In his testimony, Bergman recounted stories of several parents who accompanied him to the hearing whose children ultimately died by suicide and are now seeking legal damages. He said in many instances, their cases bump against tech companies invoking Section 230 protections to seek dismissal. However, he said he has experienced some success litigating companies' design choices, rather than the substance of the content the deceased children engaged with.
"These cases have nothing to do with protecting speech, they're about deliberate design decisions of companies to prioritize profits over the lives and safety of children," Bergman said. "(Design choices that) target children, not with material that they want to see, but the material they can't look away from. They exploit the underdeveloped frontal cortices of young individuals, the fear of missing out, the social anxiety that adolescents have, and they use intermittent reinforcement techniques and highly sophisticated AI to addict them to their platforms."
Congress sees need for reforms
U.S. Sen. Brian Schatz, D-Hawaii, said suggestions that Section 230 is above reproach in terms of being reformed or modernized are "preposterous." Schatz said the law in its current form has gone especially too far to shield companies from "egregious harms, harassment and abuse, frauds and scams" perpetuated against children using their services.

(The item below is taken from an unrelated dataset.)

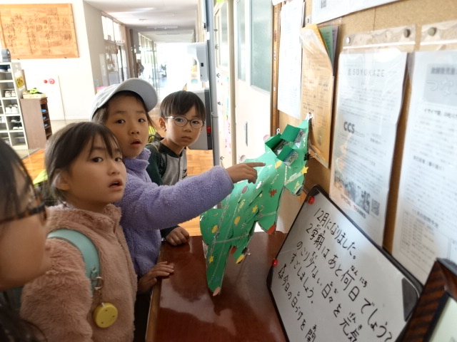 今年もあとわずか。学校に登校する日数も10日余りとなりました。校長室の前にツリーのアドベントカレンダーを置きました。日にちの窓を開けると先生達が書いたイラストが出てきます。「今日は○○先生や。」「明日私が1番に開けたい。」などと毎日楽しみにしているようです。

He called on his fellow committee members to work on developing reforms that reflect advancements in the internet over the last three decades.
"It's not that (technology companies) don't know what’s happening or even why it's happening, it's that to do something about (children's online harms) would hurt their bottom line, and so long as federal law provides a shield, why even bother?" Schatz said. "We don't simply have to accept terrible outcomes as a fact of modern life. We can work together and fix the law."